▶ **EXERCISE DETAILS**
Using the listing below, retype only the lines from the line with "Este elegante cardápio" through the end, both ends included, and exclude the pictures.

▶ **RECORDED DATA**
[Start of Attachment]
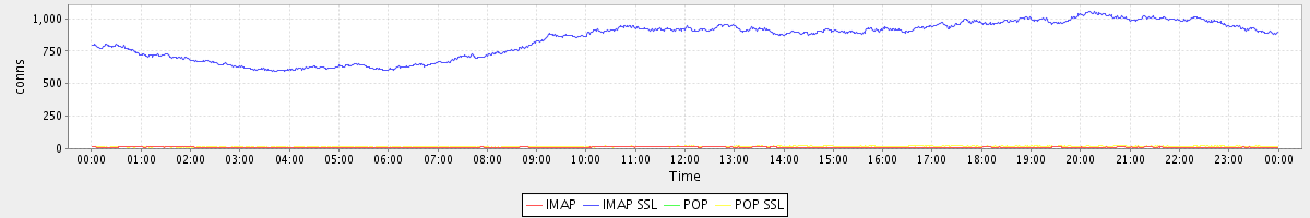 avg(IMAP) = 11.24 avg(IMAP SSL) = 841.95 avg(POP) = 0.00 avg(POP SSL) = 16.90
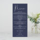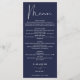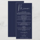 Este elegante cardápio de casamento azul marinho pode ser personalizado com suas informações em tipografia sofisticada com suas iniciais monogramas no verso. Projetado por Thisisnotme©
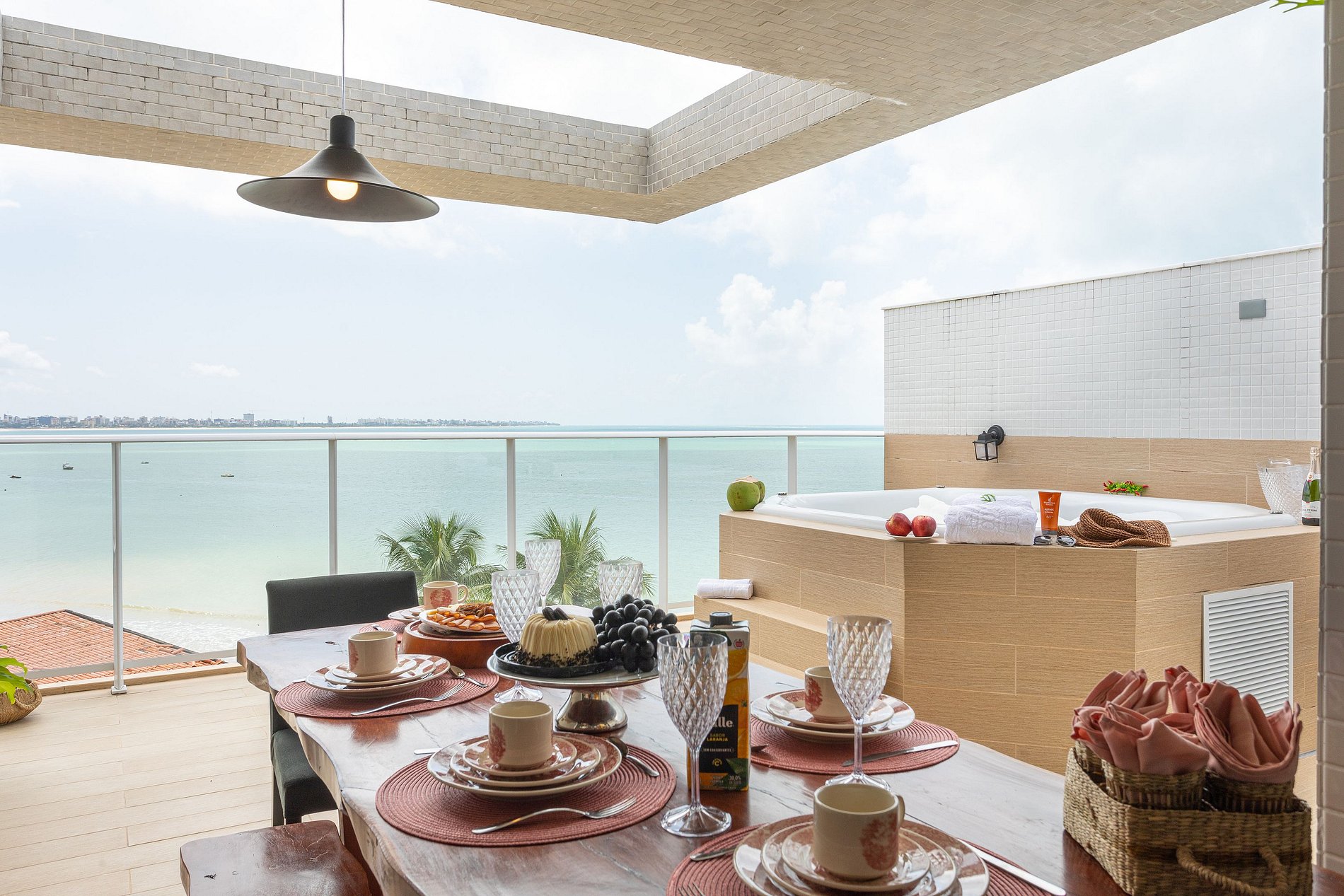 • Banheira Privativa com Vista para o Mar um verdadeiro refúgio no terraço da cobertura, perfeita para relaxar ao final do dia com uma vista panorâmica da praia do Bessa.
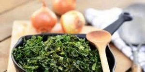 Ingrédients: beaux choux kale, oignons hachés, persil, huile d’olive, paprika, eau, sel, poivre…
[End of Attachment]
▶ **RESULT FOR THIS EXERCISE**
 Este elegante cardápio de casamento azul marinho pode ser personalizado com suas informações em tipografia sofisticada com suas iniciais monogramas no verso. Projetado por Thisisnotme©
 • Banheira Privativa com Vista para o Mar um verdadeiro refúgio no terraço da cobertura, perfeita para relaxar ao final do dia com uma vista panorâmica da praia do Bessa.
 Ingrédients: beaux choux kale, oignons hachés, persil, huile d’olive, paprika, eau, sel, poivre…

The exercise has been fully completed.